_EXERCISE INSTRUCTIONS_. Repeat the span of the entries below that starts at the line with "Mademoiselle Emilia vous" and ends at the line with "今日(2024年8月20日)亚一金店黄金价格为742.0元/克。", nothing more. Skip the pictures.

_TASK MATERIAL_.
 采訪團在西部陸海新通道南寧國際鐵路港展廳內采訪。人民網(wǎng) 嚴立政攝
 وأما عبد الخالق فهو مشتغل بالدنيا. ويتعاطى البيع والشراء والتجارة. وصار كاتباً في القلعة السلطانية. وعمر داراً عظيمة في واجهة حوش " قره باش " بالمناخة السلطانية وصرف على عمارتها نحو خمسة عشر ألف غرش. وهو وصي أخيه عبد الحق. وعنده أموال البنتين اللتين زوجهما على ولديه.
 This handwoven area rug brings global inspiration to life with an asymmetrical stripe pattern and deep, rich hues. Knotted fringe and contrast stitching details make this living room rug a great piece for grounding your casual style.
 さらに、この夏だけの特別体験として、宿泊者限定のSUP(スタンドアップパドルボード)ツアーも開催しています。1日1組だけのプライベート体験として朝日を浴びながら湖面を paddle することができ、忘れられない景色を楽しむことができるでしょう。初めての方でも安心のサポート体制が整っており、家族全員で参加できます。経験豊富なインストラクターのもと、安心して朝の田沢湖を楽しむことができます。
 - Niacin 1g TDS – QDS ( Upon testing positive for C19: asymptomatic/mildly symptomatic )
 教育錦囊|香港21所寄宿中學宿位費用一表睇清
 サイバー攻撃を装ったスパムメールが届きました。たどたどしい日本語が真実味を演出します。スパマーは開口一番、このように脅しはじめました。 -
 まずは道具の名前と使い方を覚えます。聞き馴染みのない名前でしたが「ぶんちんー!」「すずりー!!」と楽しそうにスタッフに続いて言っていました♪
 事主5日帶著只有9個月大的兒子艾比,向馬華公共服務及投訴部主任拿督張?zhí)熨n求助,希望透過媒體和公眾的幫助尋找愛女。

---

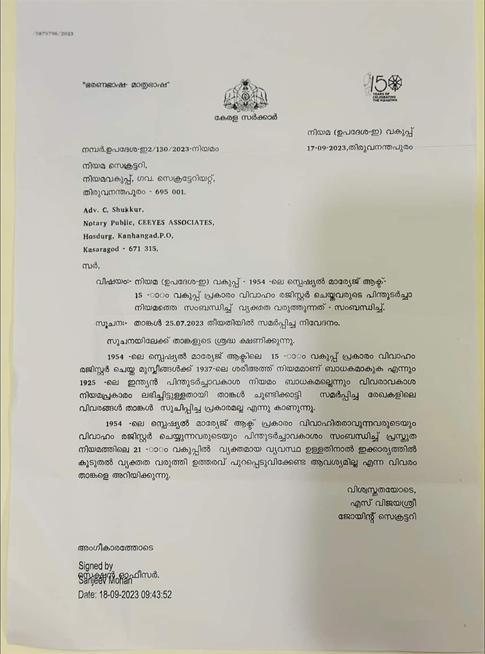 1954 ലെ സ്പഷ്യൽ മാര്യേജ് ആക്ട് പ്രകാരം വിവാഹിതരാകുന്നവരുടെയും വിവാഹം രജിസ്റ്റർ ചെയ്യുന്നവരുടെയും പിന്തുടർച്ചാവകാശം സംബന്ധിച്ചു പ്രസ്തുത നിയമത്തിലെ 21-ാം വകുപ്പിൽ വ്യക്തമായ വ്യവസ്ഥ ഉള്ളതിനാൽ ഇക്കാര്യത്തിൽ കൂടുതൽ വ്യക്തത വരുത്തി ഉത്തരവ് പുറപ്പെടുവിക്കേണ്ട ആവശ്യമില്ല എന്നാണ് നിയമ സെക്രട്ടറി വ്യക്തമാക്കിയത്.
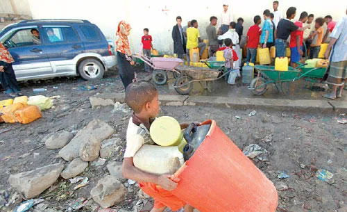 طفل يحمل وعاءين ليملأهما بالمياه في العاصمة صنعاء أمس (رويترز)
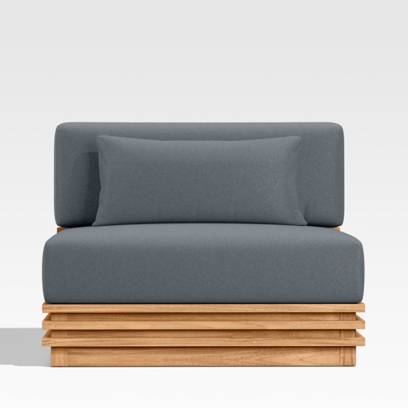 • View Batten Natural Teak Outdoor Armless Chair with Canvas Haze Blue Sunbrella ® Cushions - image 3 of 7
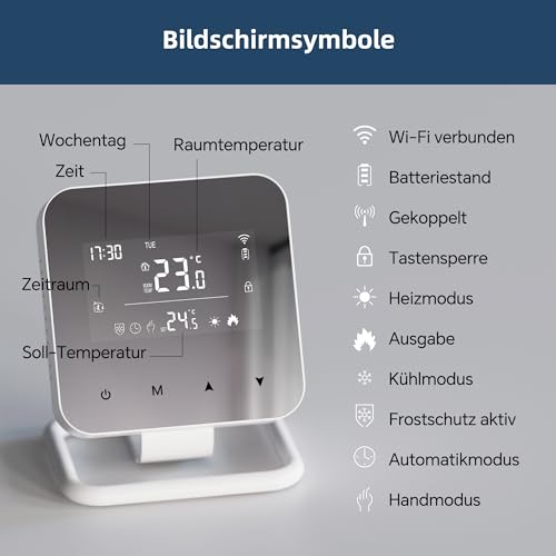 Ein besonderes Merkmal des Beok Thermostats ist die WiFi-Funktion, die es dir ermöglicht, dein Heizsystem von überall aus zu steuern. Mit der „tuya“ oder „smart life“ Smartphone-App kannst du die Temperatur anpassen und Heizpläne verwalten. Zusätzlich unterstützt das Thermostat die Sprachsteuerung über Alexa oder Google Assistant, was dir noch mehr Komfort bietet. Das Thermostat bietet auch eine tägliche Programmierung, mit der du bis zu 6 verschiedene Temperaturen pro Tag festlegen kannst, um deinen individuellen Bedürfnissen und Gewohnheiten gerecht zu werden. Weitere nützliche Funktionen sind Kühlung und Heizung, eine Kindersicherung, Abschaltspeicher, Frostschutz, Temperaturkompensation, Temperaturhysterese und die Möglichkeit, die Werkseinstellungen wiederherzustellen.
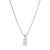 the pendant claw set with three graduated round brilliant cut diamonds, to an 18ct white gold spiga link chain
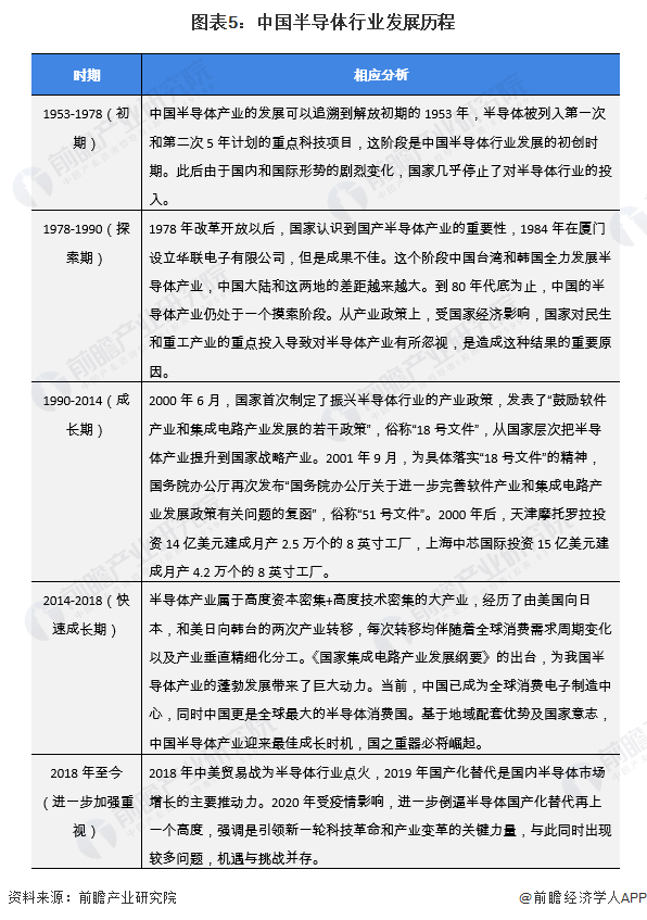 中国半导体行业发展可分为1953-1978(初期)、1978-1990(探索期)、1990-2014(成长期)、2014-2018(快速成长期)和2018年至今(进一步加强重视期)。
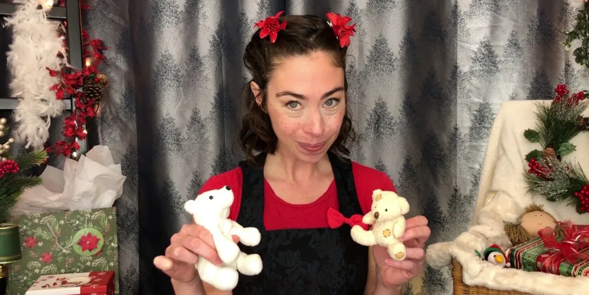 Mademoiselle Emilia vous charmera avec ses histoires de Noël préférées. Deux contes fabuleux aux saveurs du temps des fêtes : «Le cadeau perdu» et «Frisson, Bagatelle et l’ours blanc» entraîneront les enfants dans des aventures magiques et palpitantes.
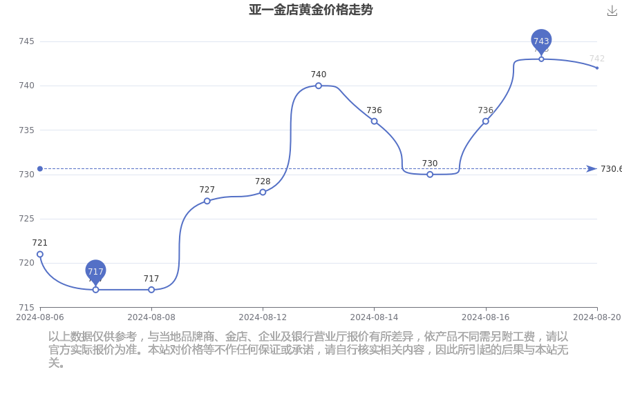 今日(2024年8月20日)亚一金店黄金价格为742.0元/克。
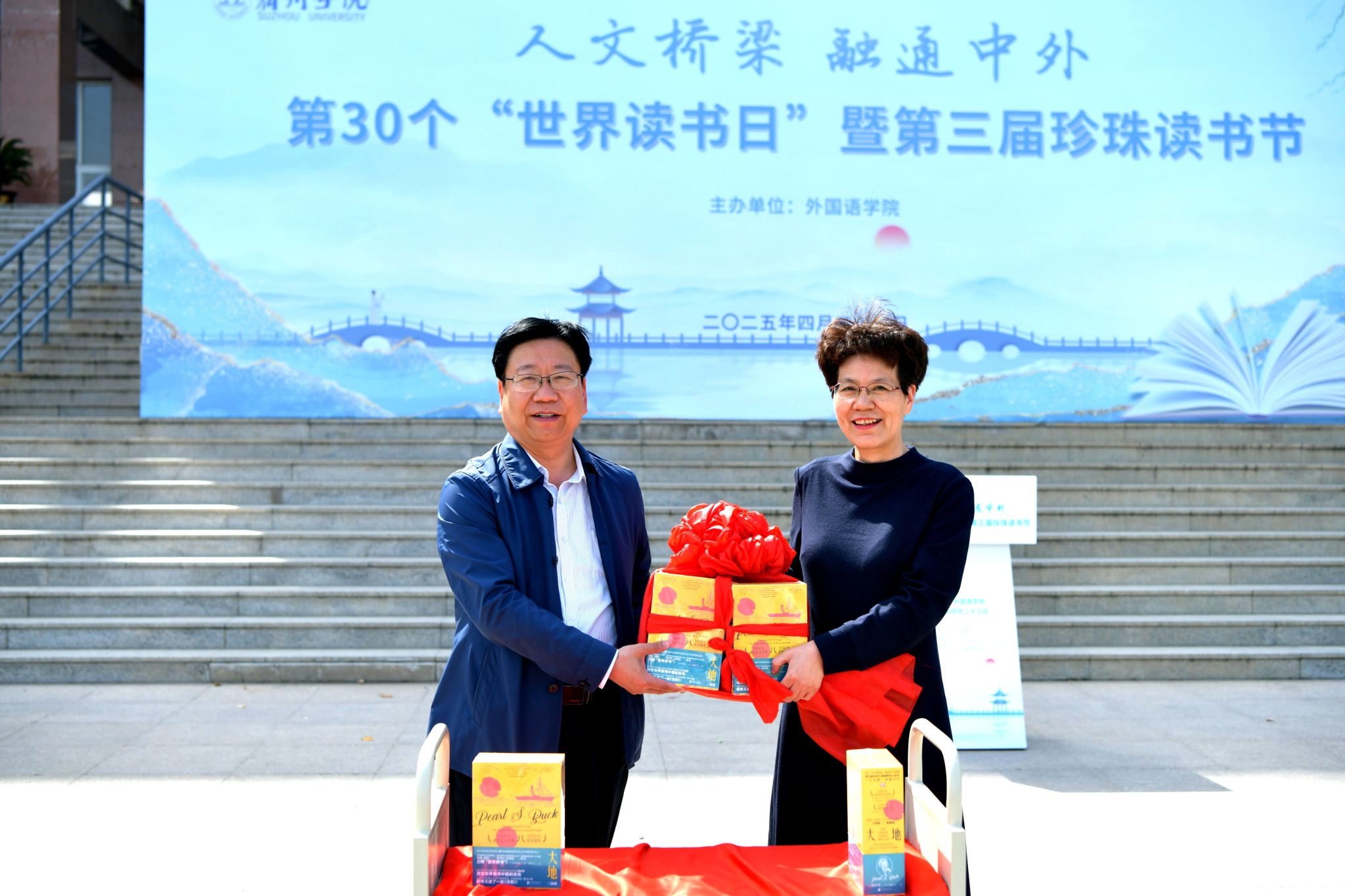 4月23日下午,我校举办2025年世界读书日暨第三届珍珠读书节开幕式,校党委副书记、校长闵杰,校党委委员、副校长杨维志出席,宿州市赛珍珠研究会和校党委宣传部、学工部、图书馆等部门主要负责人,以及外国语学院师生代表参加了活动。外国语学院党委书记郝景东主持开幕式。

_YOUR RESPONSE_.
 Mademoiselle Emilia vous charmera avec ses histoires de Noël préférées. Deux contes fabuleux aux saveurs du temps des fêtes : «Le cadeau perdu» et «Frisson, Bagatelle et l’ours blanc» entraîneront les enfants dans des aventures magiques et palpitantes.
 今日(2024年8月20日)亚一金店黄金价格为742.0元/克。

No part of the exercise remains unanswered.